Secretary of Tourism
- Acting
- In office January 5, 2004 – February 25, 2004
- President: Gloria Macapagal Arroyo
- Preceded by: Dick Gordon
- Succeeded by: Roberto Pagdanganan

General Manager of the Philippine Tourism Authority
- In office November 12, 2002 – July 31, 2008
- Preceded by: Nixon Kua
- Succeeded by: Mark Lapid

Member of the Makati City Council from the 1st district
- In office June 30, 1998 – June 30, 2001

Personal details
- Party: Independent (2009–present)
- Other political affiliations: Lakas (until 2001)
- Parent: Robert Barbers (father);

= Robert Dean Barbers =

Filipino politician

Robert Dean Smith Barbers is a Filipino government official who served as Acting Secretary of the Department of Tourism of the Philippines. He was also the general manager of the Philippine Tourism Authority (PTA) and a City Councilor of Makati.
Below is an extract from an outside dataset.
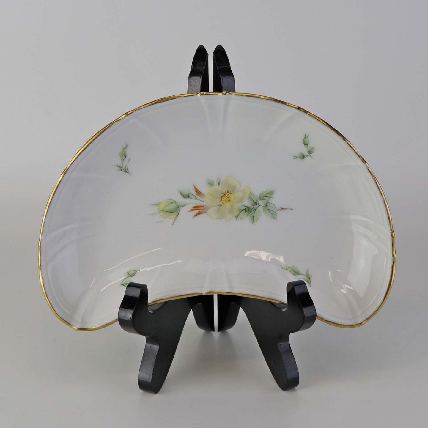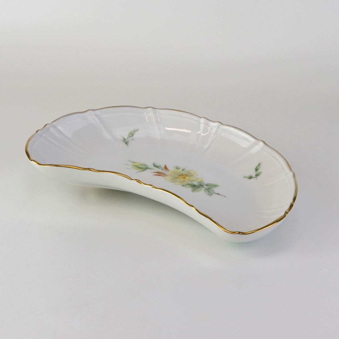 Halvmåneformet fad i porcelæn fra stellet Klitrose. Nr. 352

He is the youngest son of former Senator Robert Barbers and a brother of former Surigao del Norte Representative Ace Barbers.

He ran for vice mayor of Makati in 2001, but lost to Ernesto Mercado.

Barbers was appointed on November 12, 2002, as general manager of the Philippine Tourism Authority (PTA) by President Gloria Macapagal Arroyo. His appointment was legally challenged by his predecessor Nixon Kua who insisted his term should end in 2006, a case Kua lost. Barber's administration also sought the construction of the PTA Sports Complex within Intramuros which was halted by a court order in 2007.

Barbers' term expired in 2008. He was succeeded by Mark Lapid. He ran for representative of 1st district of Makati in 2010, but lost to Monique Lagdameo.

In 2025, Barbers and two other PTA officials were convicted and sentenced to up to eight years imprisonment for graft over the construction of the PTA Sports Complex.